撰文 | 福小姐,责编 | 兮(bioart微信公众号)
在细胞内,RNA适体(RNA aptamer)可通过与目标蛋白的特异性结合来抑制或调节其功能,具有非常高的潜在临床应用价值,目前处于临床研究阶段的RNA适体已有不少进入到临床2期。
利用U6启动子进行转录,RNA适体的表达量只有几nmol/L,半衰期约0.25-1.25 h;而细胞内蛋白质的表达量约为几十、几百nmol/L甚至μmol/L级别【1】。因此,表达量低、稳定性差导致RNA适体很难在细胞内发挥调节目标蛋白功能的作用。基于RNA适体的分子传感器(RNA-based devices/biosensors)通常由产生荧光信号的RNA适体(如Spinach)和特意结合目标分子的RNA适体组成。在细菌体内,这类RNA分子传感器的表达量可达到μmol/L级别【2】,能够对多种代谢物和信号分子进行实时荧光成像。但是,在哺乳动物细胞内,RNA分子传感器的表达量在nmol/L级别【1】,其产生的荧光信号很难被检测。

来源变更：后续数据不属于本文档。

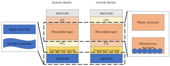 In contrast to the normal planar structure, the inverted planar structure first deposits HTL on the substrate. p-i-n-structured devices are constructed of transparent electrode/HTL/perovskite layer/ETL/metal electrode. The perovskite film absorbs sunlight after passing through transparent electrodes and HTL and is finally converted into free carriers. The electrons and holes are transferred from the metal electrode and the transparent electrode to the external circuit, respectively.

近日,来自美国康奈尔大学的Samie Jaffrey教授课题组在Nature Biotechnology上在线发表题为Highly efficient expression of circular RNA aptamers in cells using autocatalytic transcripts的研究性论文,该课题组通过建立一种新的“Tornado”表达系统实现了细胞内环状RNA适体和RNA分子传感器高水平表达及功能应用。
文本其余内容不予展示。